The Duluth City Council recently passed a “climate emergency” declaration. As much as any city, Duluth has seen the damage brought on by climate change and knows worse is to come. The city’s famed waterfront boardwalk has been repeatedly destroyed by rising lake levels and more violent storms, and rising temperatures are disrupting the ecosystem.
The declaration doesn’t bring any immediate regulations or new funding sources but starts a process of identifying concrete steps the city can take to make a practical difference. Last year the city hired its first sustainability officer, who will lead the creation of a climate change plan.
Increasingly cities are adopting specific goals, programs and funding streams to address climate change.
Denver, Cincinnati, Portland, Oregon, and other cities have ensured steady revenue sources to help fund projects aimed at reducing greenhouse gas emissions.

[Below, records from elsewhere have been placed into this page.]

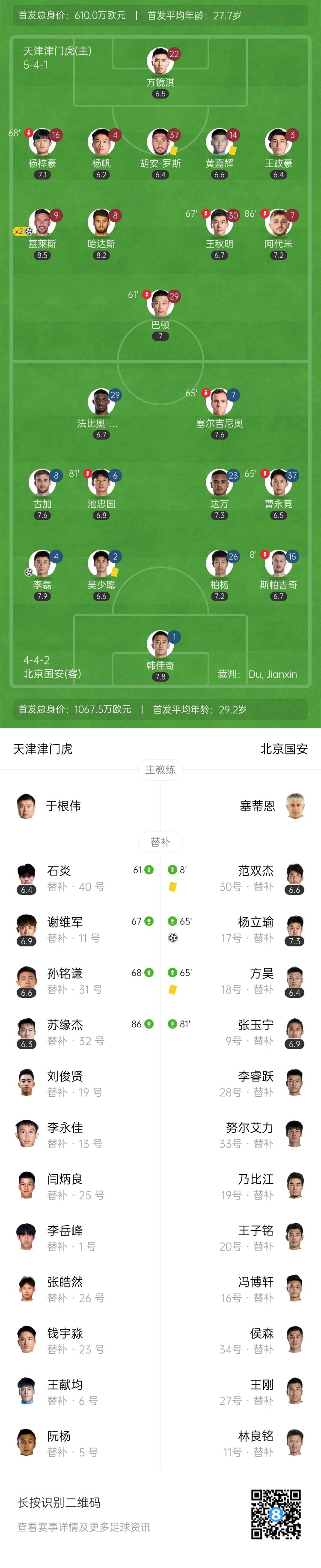 绝平!国安2-2津门虎 基莱斯7分钟双响 李磊传射杨立瑜补时绝平
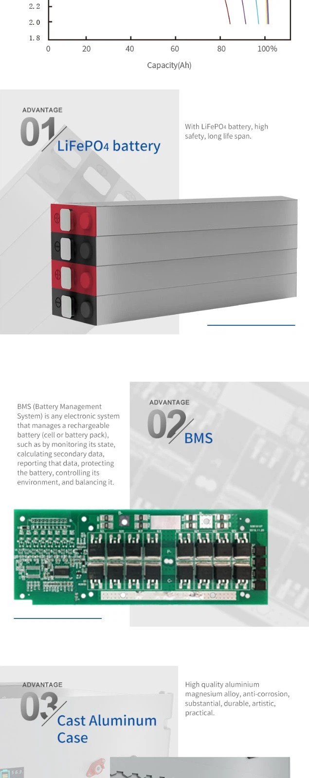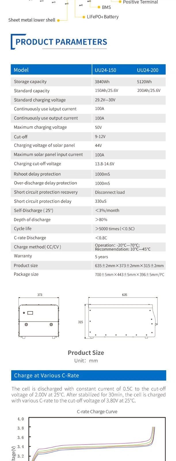 UU24V/200Ah Lithium ion battery packs 1.All in one mould design and production, easy to install. 2.With longer span life LiFePO4 battery, over 12 years lifespan, ensure the whole set products’life span. 3.Dustproof structure design, DC output, safe and reliable. 4.Integrated packaging, safe and convenient to transport.
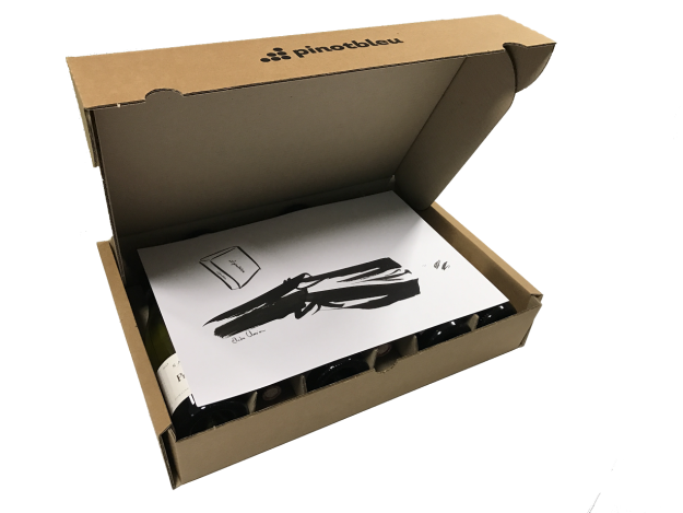 Pour la Saint Valentin, Pinot Bleu, une jeune startup proposant une application sous iOS et Androïd, édite 2 coffrets de vins en éditions limitées, conjointement avec l’illustratrice Élodie Clavier

Their approaches differ — a local sales tax, a corporate tax, a tax on electrical consumption — but all provide the ongoing funds needed to make sure spending on climate change projects aren’t sidelined by the other demands on municipal budgets.
When it comes to funding large-scale, capital-intensive projects, many cities have adopted the use of climate bonds.
Cities have been installing renewable energy systems on their buildings, implementing strategic energy efficiency initiatives for all municipal property, improving public transportation and taking other steps to reduce greenhouse gas emissions.
Some cities are requiring that new commercial buildings will need to include either a green roof or solar panels and are required to meet specific energy efficiency standards.
With a president who has returned a sense of urgency to the issue of climate change, big, nationally led initiatives can happen. As important as that is, making climate change a central issue on the state and local levels is just as important.
City officials and residents are in the best position to know what specific actions they can take to lower their carbon footprint, without having to harm economic development.